TASK DETAILS: Copy the data that follows exactly as it is, excluding all pictures.
*** Opening EXTRACTED ENTRIES ***
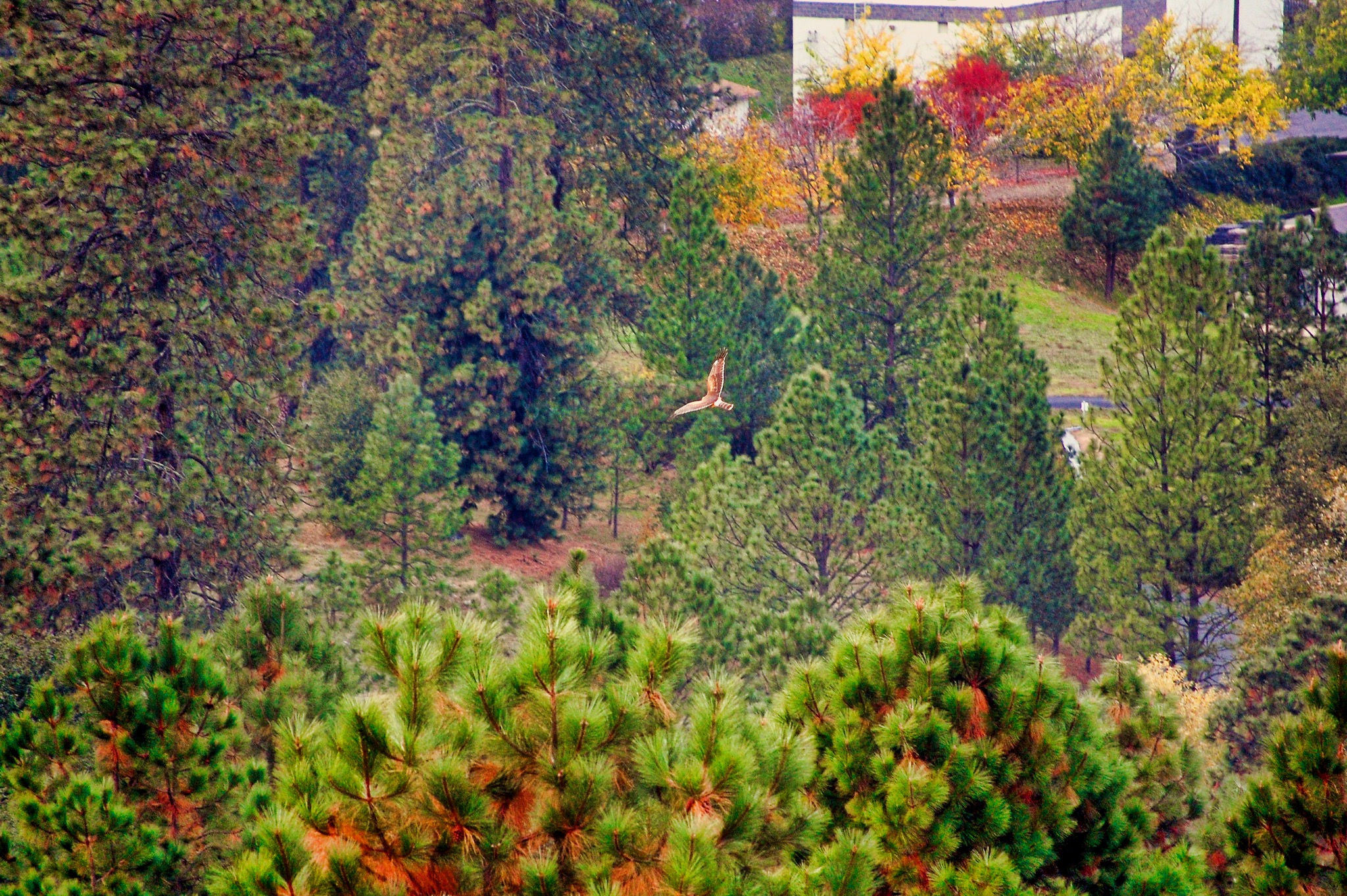 Birds in flight are difficult. Nice job.Hawk against a winery background.
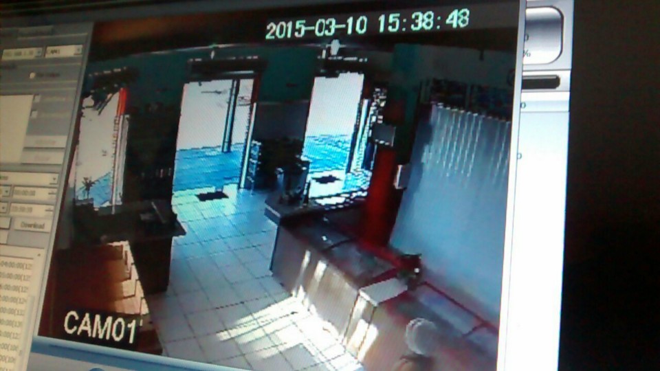 As câmeras de segurança do açougue gravaram o momento da ação. Confira nos vídeos abaixo:
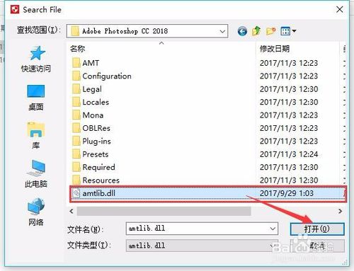 打開C:\Program Files\Adobe\Adobe PhotoshopCC 2018文件夾,選擇軟件根目錄下的amtlib.dll,點擊打開。
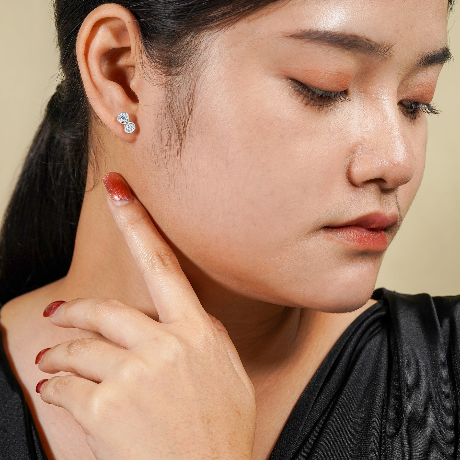 Discover the elegance and allure of Elegant 1 Ct Round cut CVD Lab Grown Certified Lab Diamond Infinity Loop Stud Earrings in 18K White Gold Plating over Silver for Women, crafted with precision in sterling silver and adorned with an 18K White gold finish. These exquisite earrings feature lab-grown CVD Certified Lab Diamonds, each side weighing 0.5 carat, set in a unique infinity loop design that symbolizes endless love and connection. These earrings are not only a testament to timeless style but also reflect a commitment to environmental sustainability. The CVD Certified Lab Diamonds are ethically produced, offering a brilliant, guilt-free alternative to mined Certified Lab Diamonds at a fraction of the cost. Ideal for those who appreciate luxury but demand ethical sourcing, these earrings make a perfect gift for anniversaries, weddings, or as a special treat to yourself. They combine the best of modern jewelry trends—lab-grown Certified Lab Diamonds, eco-friendly, and hypoallergenic—with classic elegance.
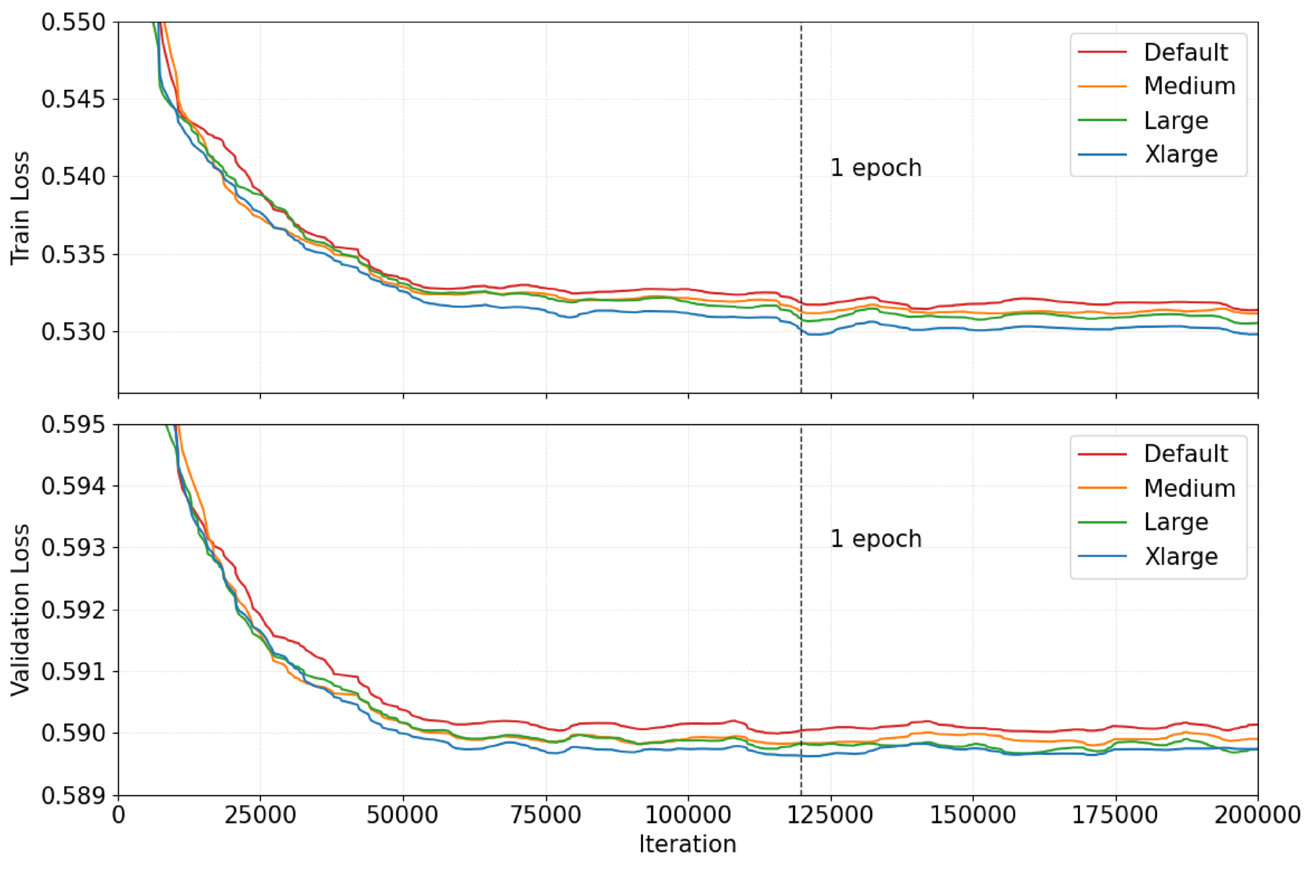 Training and validation loss curves during model training for models of different parameter scales. The vertical dashed line indicates the end of the first epoch (119,850 iterations), which corresponds to the checkpoint used for analysis.
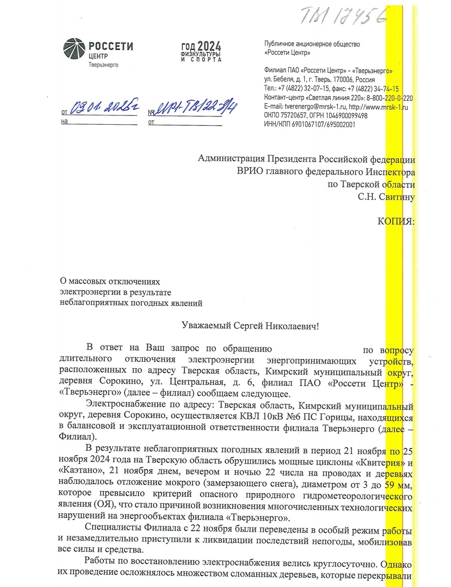 📆В ноябре 2024 года жители Тверской области столкнулись с почти двухнедельным отключением электричества, и причина, по мнению Россетей, кроется в «слишком низких тарифах» для населения! 💰 "Россети-Центр" - "Тверьэнерго" акцентируют внимание на тарифах, утверждая, что они не позволяют проводить необходимые работы по реконструкции электросетей. Но где же упоминание о десятках миллионов рублей, которые были украдены неизвестными сотрудниками компании? Эти средства должны были быть направлены на обслуживание и опилку в зонах ЛЭП, что могло предотвратить подобные ситуации! ❔Если тарифы действительно не покрывают расходы, какие меры принимает Россети для борьбы с воровством внутри компании? 🤦Подобные ответы, конечно, вызывают сомнения в способности руководства "Россетей" обеспечить надёжное и бесперебойное электроснабжение жителей Тверского региона, ставя под вопрос их компетентность.
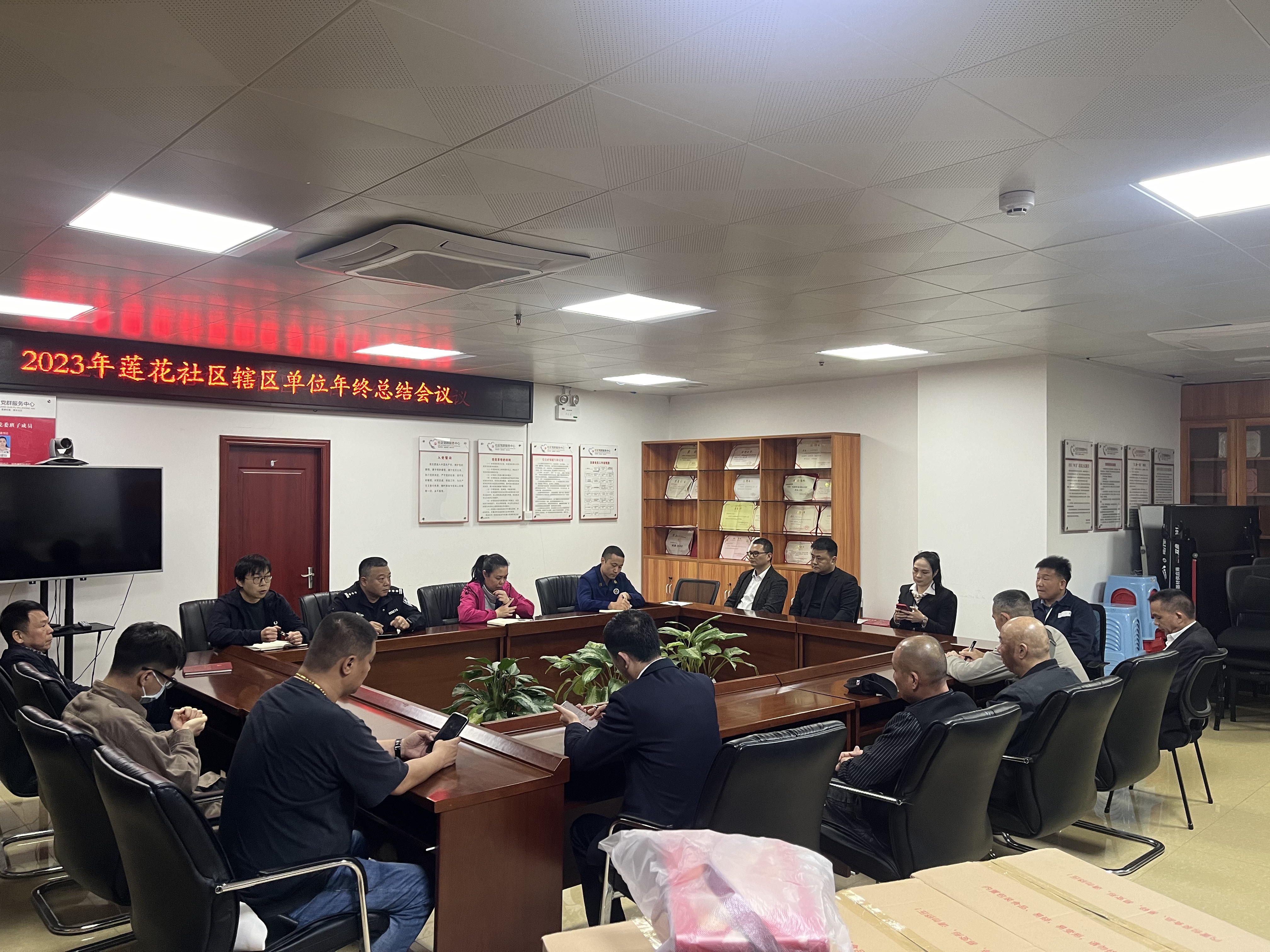 2024年2月1日,莲花社区组织辖区企事业单位召开2023年年终总结会议,会议由莲花社区党委书记陈建怡主持,莲花小型消防站、辖区民警、辖区物业等单位参加本次会议。
*** Closing EXTRACTED ENTRIES ***
EXERCISE RESPONSE:
 Birds in flight are difficult. Nice job.Hawk against a winery background.
 As câmeras de segurança do açougue gravaram o momento da ação. Confira nos vídeos abaixo:
 打開C:\Program Files\Adobe\Adobe PhotoshopCC 2018文件夾,選擇軟件根目錄下的amtlib.dll,點擊打開。
 Discover the elegance and allure of Elegant 1 Ct Round cut CVD Lab Grown Certified Lab Diamond Infinity Loop Stud Earrings in 18K White Gold Plating over Silver for Women, crafted with precision in sterling silver and adorned with an 18K White gold finish. These exquisite earrings feature lab-grown CVD Certified Lab Diamonds, each side weighing 0.5 carat, set in a unique infinity loop design that symbolizes endless love and connection. These earrings are not only a testament to timeless style but also reflect a commitment to environmental sustainability. The CVD Certified Lab Diamonds are ethically produced, offering a brilliant, guilt-free alternative to mined Certified Lab Diamonds at a fraction of the cost. Ideal for those who appreciate luxury but demand ethical sourcing, these earrings make a perfect gift for anniversaries, weddings, or as a special treat to yourself. They combine the best of modern jewelry trends—lab-grown Certified Lab Diamonds, eco-friendly, and hypoallergenic—with classic elegance.
 Training and validation loss curves during model training for models of different parameter scales. The vertical dashed line indicates the end of the first epoch (119,850 iterations), which corresponds to the checkpoint used for analysis.
 📆В ноябре 2024 года жители Тверской области столкнулись с почти двухнедельным отключением электричества, и причина, по мнению Россетей, кроется в «слишком низких тарифах» для населения! 💰 "Россети-Центр" - "Тверьэнерго" акцентируют внимание на тарифах, утверждая, что они не позволяют проводить необходимые работы по реконструкции электросетей. Но где же упоминание о десятках миллионов рублей, которые были украдены неизвестными сотрудниками компании? Эти средства должны были быть направлены на обслуживание и опилку в зонах ЛЭП, что могло предотвратить подобные ситуации! ❔Если тарифы действительно не покрывают расходы, какие меры принимает Россети для борьбы с воровством внутри компании? 🤦Подобные ответы, конечно, вызывают сомнения в способности руководства "Россетей" обеспечить надёжное и бесперебойное электроснабжение жителей Тверского региона, ставя под вопрос их компетентность.
 2024年2月1日,莲花社区组织辖区企事业单位召开2023年年终总结会议,会议由莲花社区党委书记陈建怡主持,莲花小型消防站、辖区民警、辖区物业等单位参加本次会议。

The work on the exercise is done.